--- PROVIDED ENTRIES ---

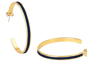
BLEU NUIT BUP09-BAN-OCR44
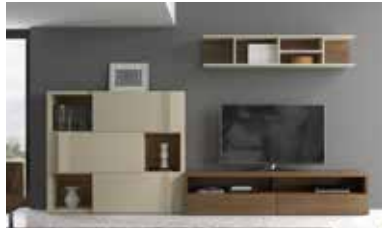
ref. 153 pg. 14-17
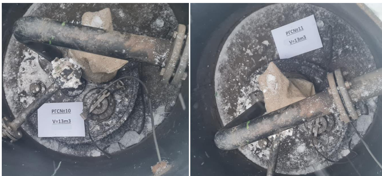
Рисунок 2 – Горловины резервуаров РГС-13 зав.№№10, 11
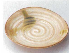
281-24-652 こげ茶5.0皿 330円 16.4×3.2cm 28124652
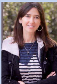
Núria Parlon Gil Alcaldesa de Santa Coloma de Gramenet
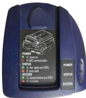
Рисунок 2 – Считыватель LDM 320
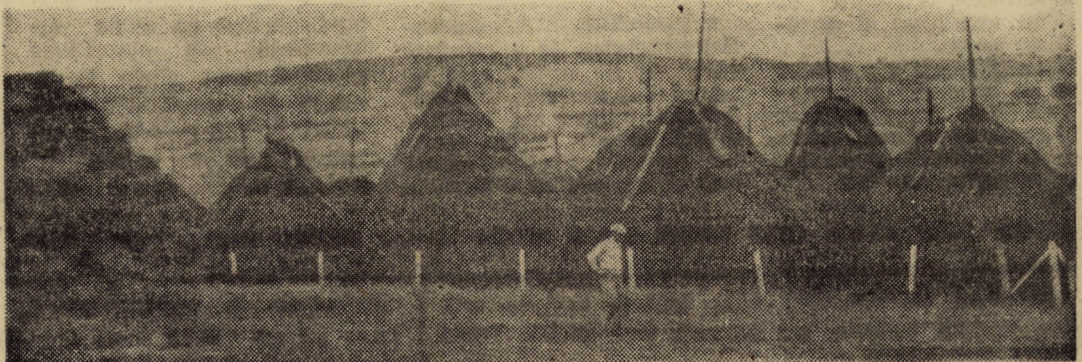
Șirele de fibroase și stogurile de fin baza producțiilor mari.

---

THE TASK »
Filter the entries above and return only the lines holding "Рисунок".

SOLUTION FOR THIS EXERCISE »
Рисунок 2 – Горловины резервуаров РГС-13 зав.№№10, 11
Рисунок 2 – Считыватель LDM 320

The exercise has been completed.